The protection of the Lynx is designed to be scaled according to the threat. The vehicle's ballistic steel armour is designed to protect the Lynx from anti-tank weapons, medium-caliber ammunition, artillery shrapnel and bomblets, although exact details are classified. The interior is fitted with a spall liner to protect the crew, while the vehicle also features decoupled seats in addition to mine and IED protection packages that include a double floor. The standard armour configuration is designated the Mounted Combat Operations (MCO) kit and it is intended to offer vehicle protection against similarly armed opponents. It is understood to combine an advanced passive component with active protection systems (APS), The second kit is designated the Complex Urban Environment (CUE) kit and excludes any active protection elements. Lynx is understood to be available with one further armour kit that can be used for air transportation, providing a vehicle that can deploy straight from a transport aircraft.

Additional active protection can be provided for shaped charge warhead attack using Rheinmetall's Strike Shield APS. A range of passive protection and defensive aids are also available. They include a rapid obscuration system (ROSY), laser warning system and acoustic shot locator system. These are integrated in the Lance turret when it is fitted along with automatic target recognition and automatic target tracking.

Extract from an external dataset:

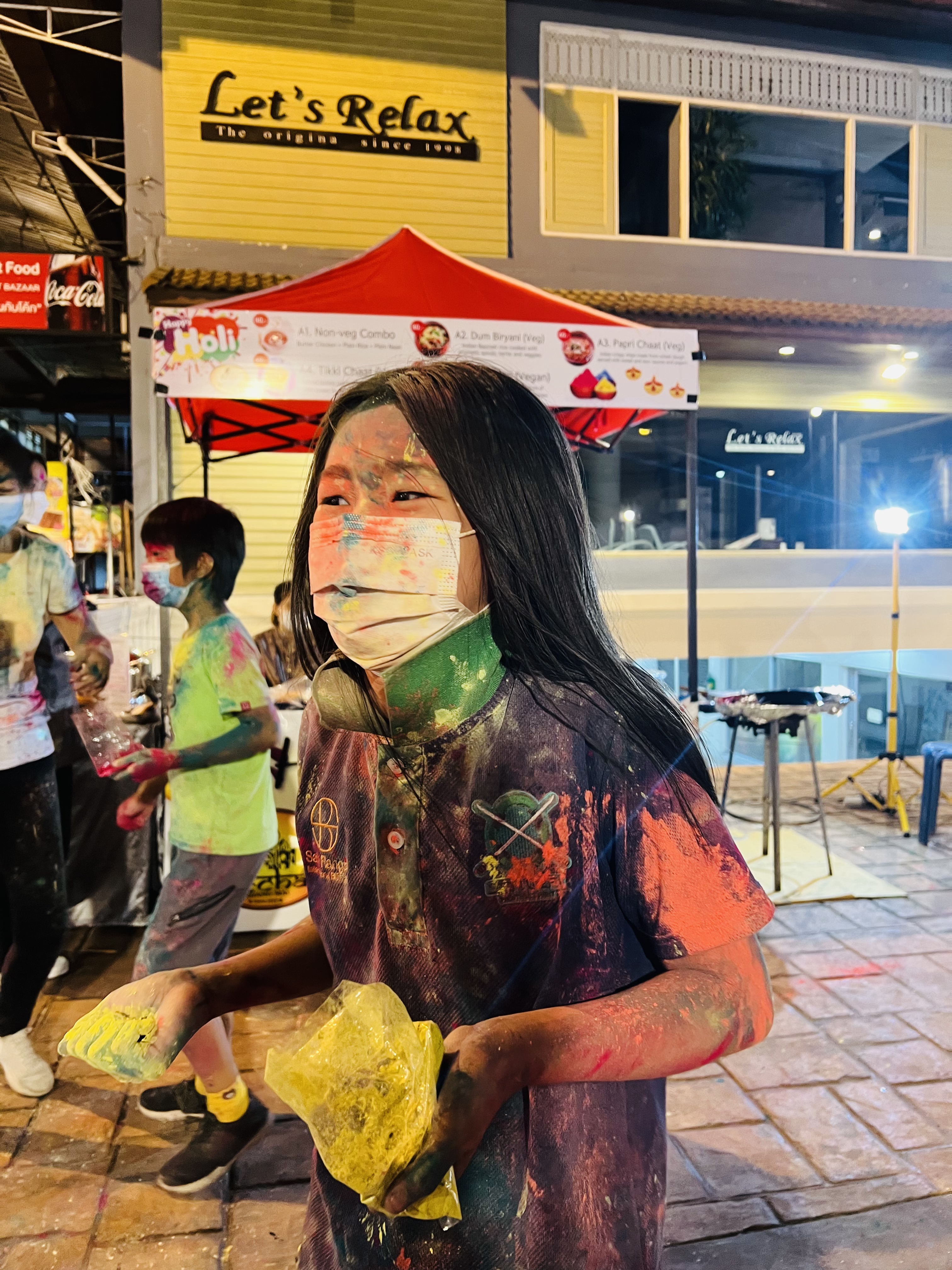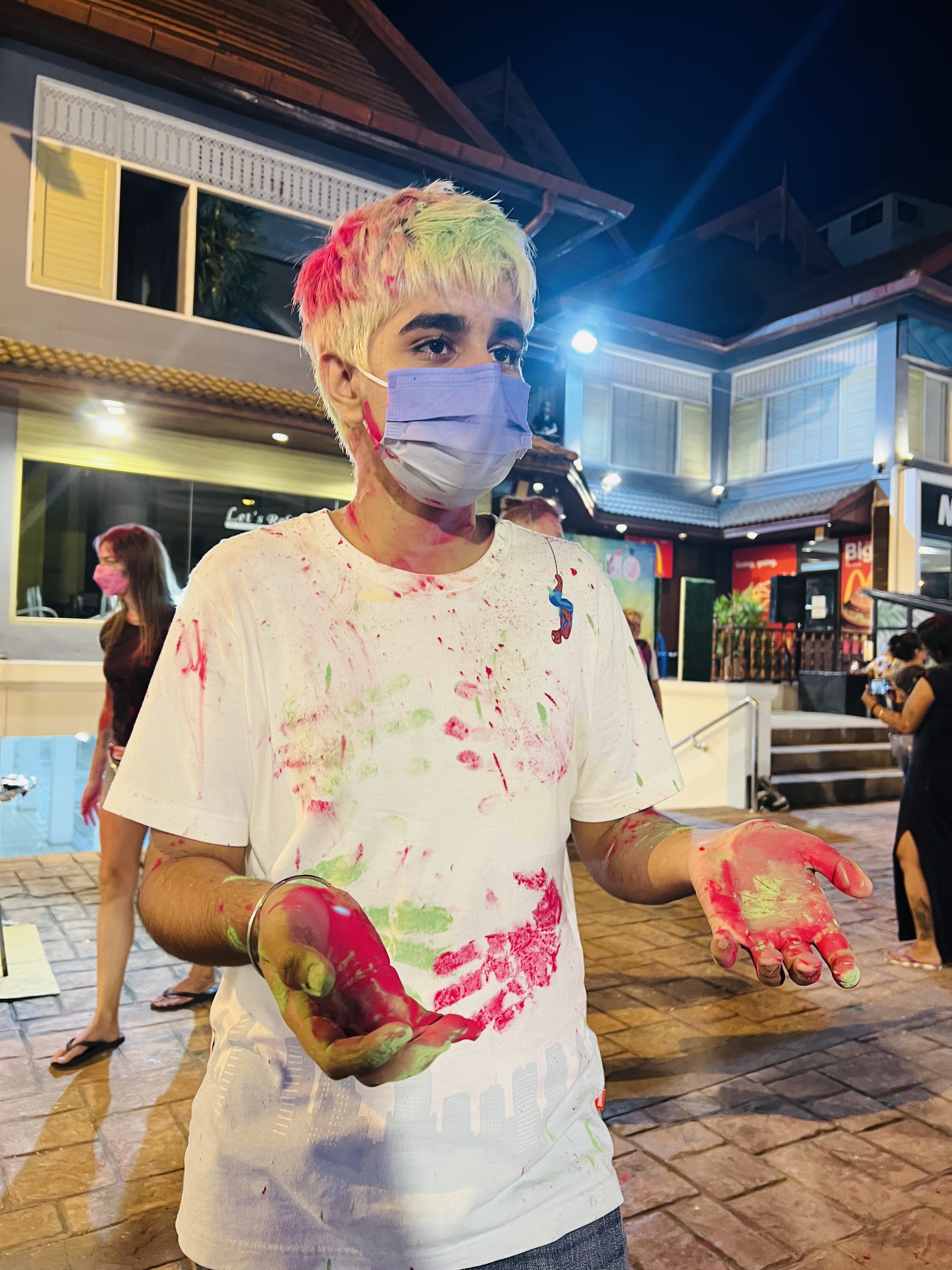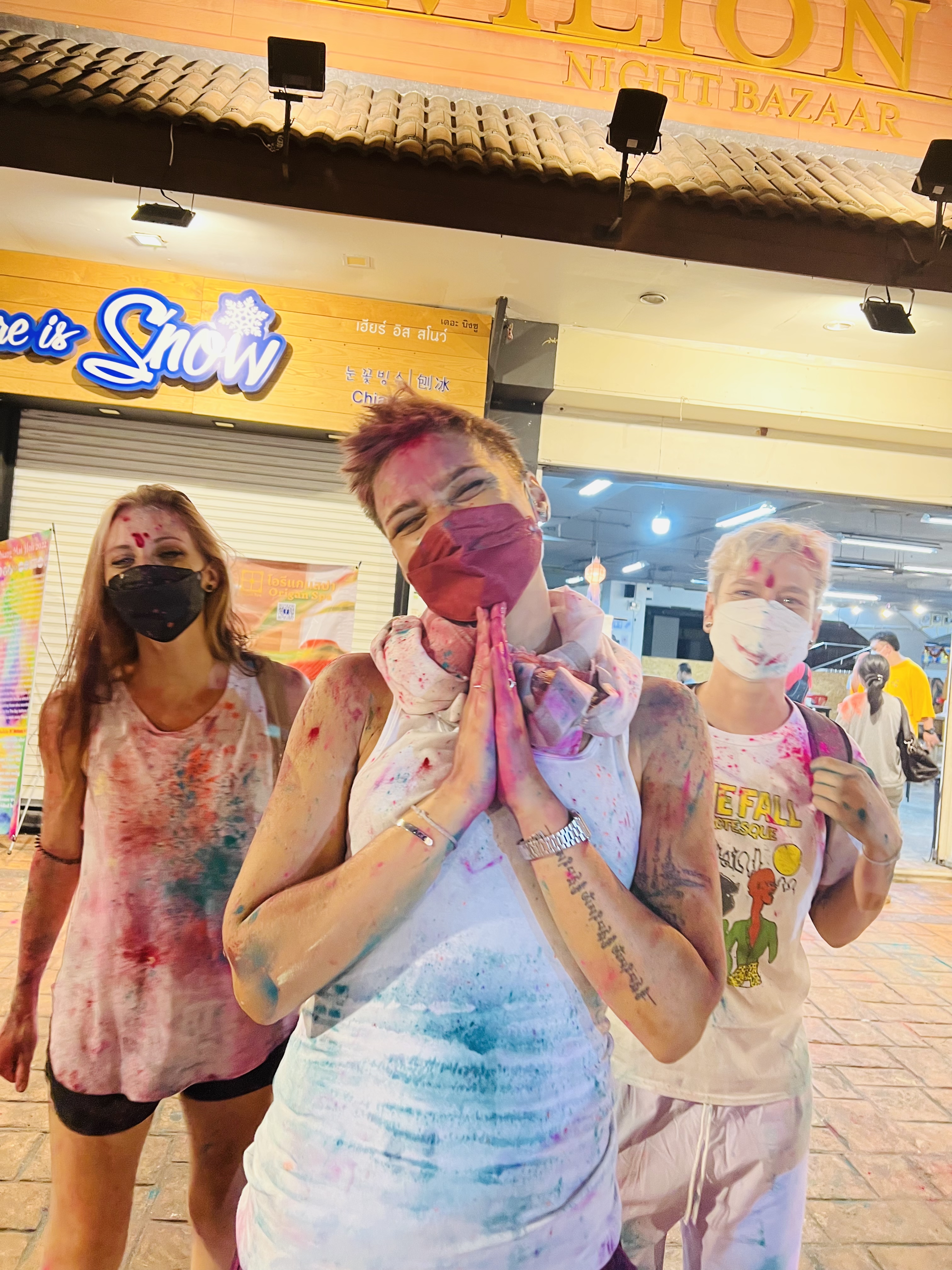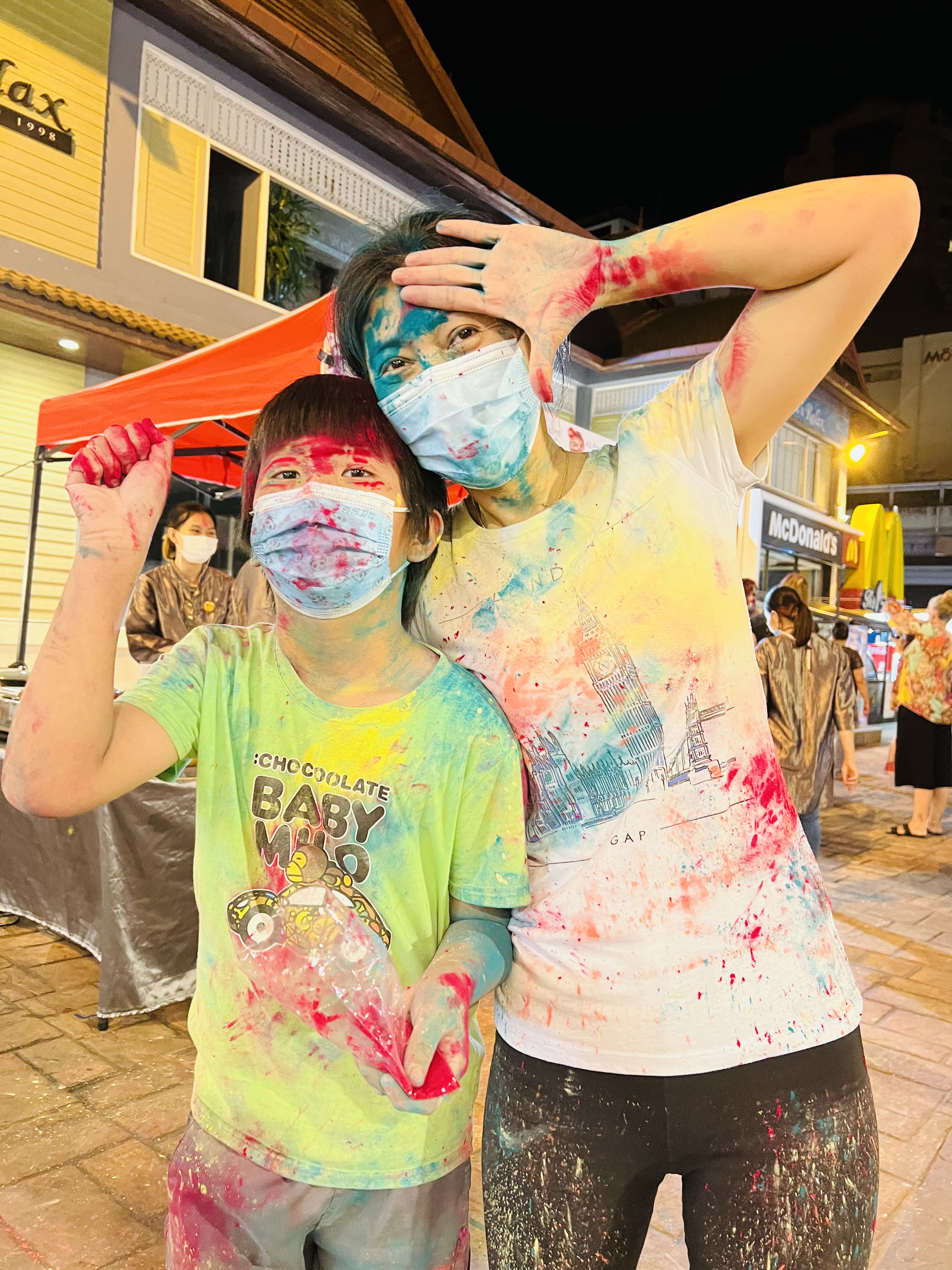 Then finally, the moment everyone had been waiting for arrived. Family, friends, and farangs alike doused each other in dyed powder. Children sprinted around the plaza, tagging each other with colour and tripping over their own excitement. Adults became kids again, making full eye contact with their targets before launching rainbow kill-shots. For one glorious hour, the crowd left behind the worries of yesterday and delighted in the joy of the now.

The heating, cooling and nuclear, biological and chemical filtration system is combined in an environmental control system stowed in the rear-located left sponson in front of the cooling system. Air ducts lead to the floor and to an air duct interface on the top end of the hull.

=== Armament ===
The vehicle as shown at Eurosatory 2016 was outfitted with a Lance turret mounting a stabilized, externally powered, autocannon of 30 mm or 35 mm caliber, with airburst munition support. This allows the Lynx to engage targets at ranges of up to 3,000 meters, both when static and when on the move. The vehicle's main armament has an elevation of between +45˚ and −10˚ and has a controlled rate of fire of 200 rounds per minute. Mounted coaxial to the right is the latest Rheinmetall Machine Gun (RMG) 7.62 mm, which can fire standard 7.62×51mm NATO ammunition and has a maximum rate of fire of 800 rounds a minute. The turret has manual back-up in case of power failure.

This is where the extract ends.